Вернадский не эмигрировал, надо отдать ему должное… Он стал одним из руководителей Академии наук СССР, но до конца жизни так и оставался не более чем «попутчиком» народа в его историческом движении. К сожалению, не более чем попутчиком.
В подтверждение же пункта «б» (насчет неумного брюзжания и других видных интеллигентов, кроме Вернадского) я приведу еще один дневниковый отрывок…
«Участь России, околевшего игуанодона или мамонта – обращение в слабое и бедное государство, стоящее в экономической зависимости от других стран. <…> Вынуты душа и сердце, разбиты все идеалы. Будущего России нет; мы без настоящего и будущего. Жить остается только для того, чтобы кормить и хранить семью – больше нет ничего. Окончательное падение России, как великой и единой державы, вследствие причин не внешних, а внутренних, не прямо от врагов, а от собственных недостатков и пороков и от полной атрофии чувства отечества, родины, общей солидарности, чувства «священного союза» – эпизод, имеющий мало аналогий во всемирной истории. <…> Мы годны действительно только, чтобы стать навозом для народов высшей культуры… <…> Русский народ – народ-пораженец; оттого и возможно такое чудовищное явление, как наличность среди чисто русских людей – людей, страстно желающих конечного поражения России. Поражение всегда более занимало русских, чем победа и торжество. <…> Необычайно уродливое явление – отсутствие русского вообще и в частности великорусского патриотизма. В так называемой Российской державе есть патриотизмы какие угодно – армянский, грузинский, татарский, украинский, белорусский – имя им легион, – нет только общерусского… <…> Как будто великороссы, создавшие в свое время погибающую теперь Россию, совершенно выдохлись…»
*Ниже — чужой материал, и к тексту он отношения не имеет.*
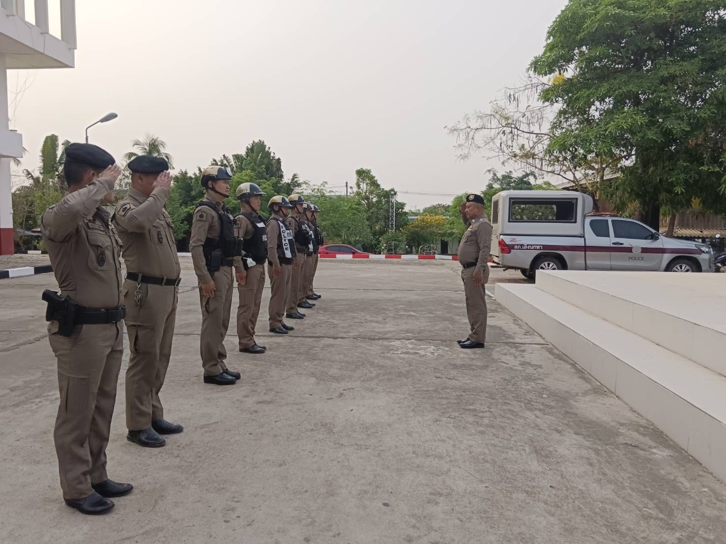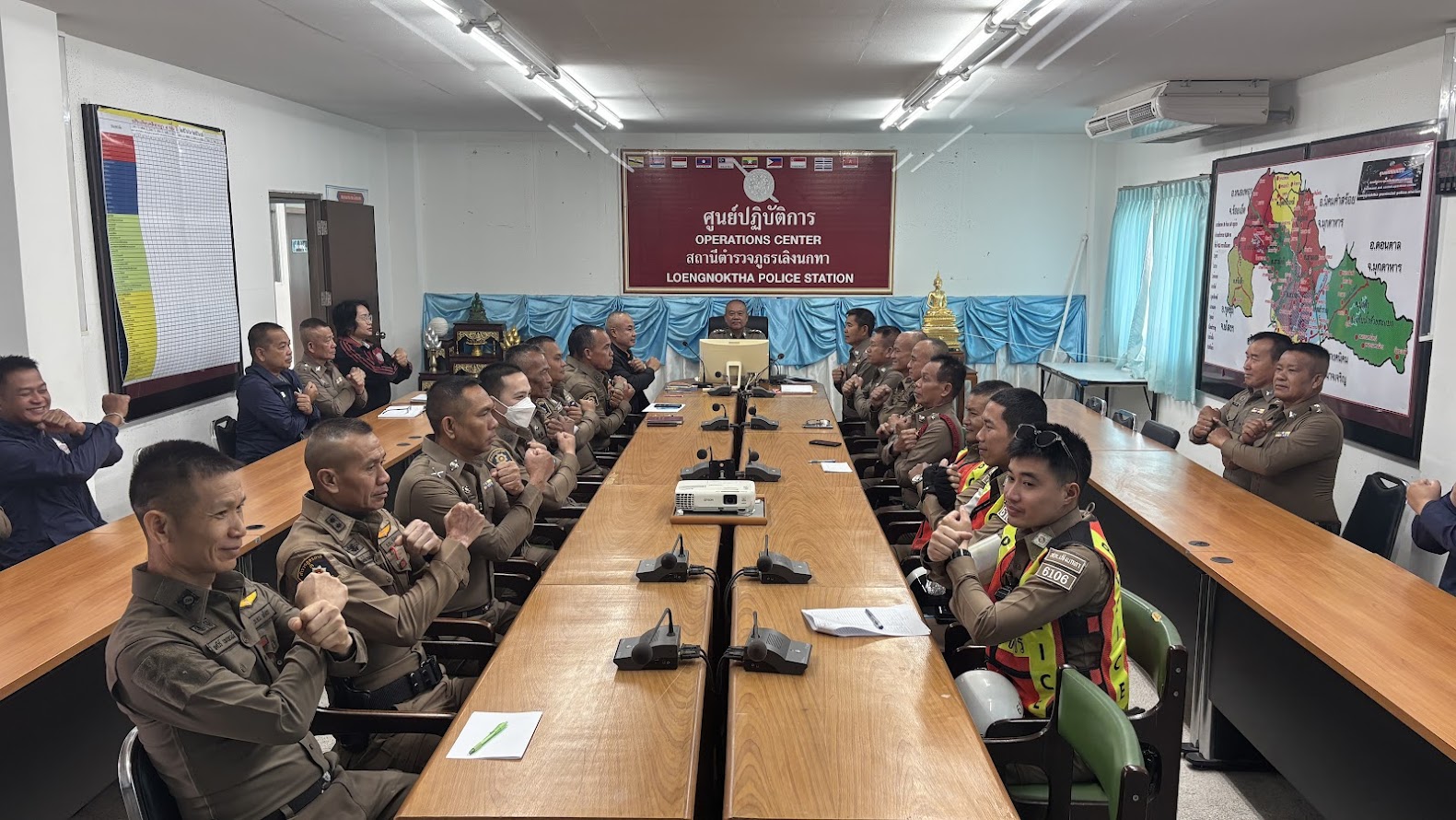 ผกก.ฯ เข้าแถวแจกจ่ายเสื้อที่ได้รับมอบจาก ผบก.ภ.จว.ยโสธร พร้อมอบรมคุณธรรม จริยธรรมตำรวจก่อนปฏิบัติหน้าที่
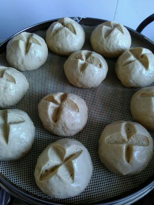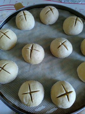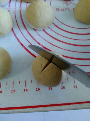分成80克一个的小面团,揉匀定型,用刀在表面划上十字。
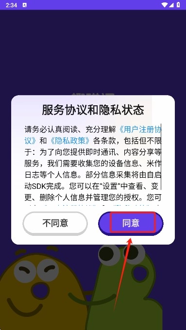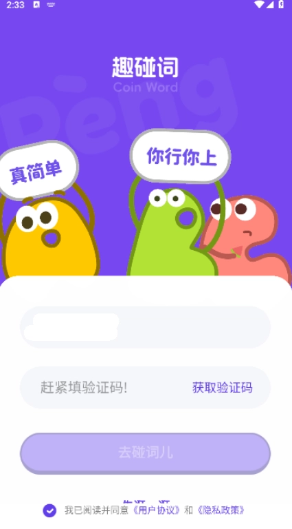 1、打开趣碰词后,阅读并同意相关的隐私权限以继续使用
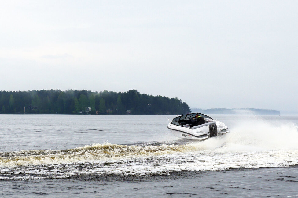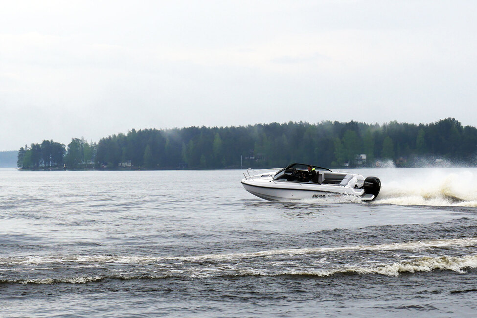 Kiihdytyksissä keula ei nouse pystyyn vaan hyvällä pohjan suunnittelulla vene nousee hyvin pienellä keulan ylöspäin reagoinnilla liukuun. Veneelle oiva matkanopeus 30 solmua tuntuu suorastaan leikittelevän helpolta ajaa. Terävän aallon yli ajaessa aallon huomaa ja kuulee, mutta käytös on tasapainoista. Tyynellä kelillä vene kulkee nautittavan mukavasti ja tasaisesti.

Это – выдержки из дневника академика-историка, директора Румянцевского музея (и тоже будущего академика АН СССР) Юрия Владимировича Готье за… июль 1917 года. Стоило ли их комментировать в 1937 году, давшем миру триумф Чкалова?!
Вот такие казусы случались тогда со старой научной интеллигенцией. Она вроде бы режим Сталина и поддерживала, но она же его и осуждала.
Однако бог уж с ней – с брюзжащей академической и вообще интеллигентской средой. Эти – пока не было массового телевидения, ни на что всерьез не влияли и ничего всерьез не значили. Надо было появиться телевизионному Останкину времен «перестройки», чтобы расейский интеллигент решил судьбу страны.
Но ведь были и те, кто мог повлиять на нее решающе уже тогда. Те, что не брюзжали, а могли действовать.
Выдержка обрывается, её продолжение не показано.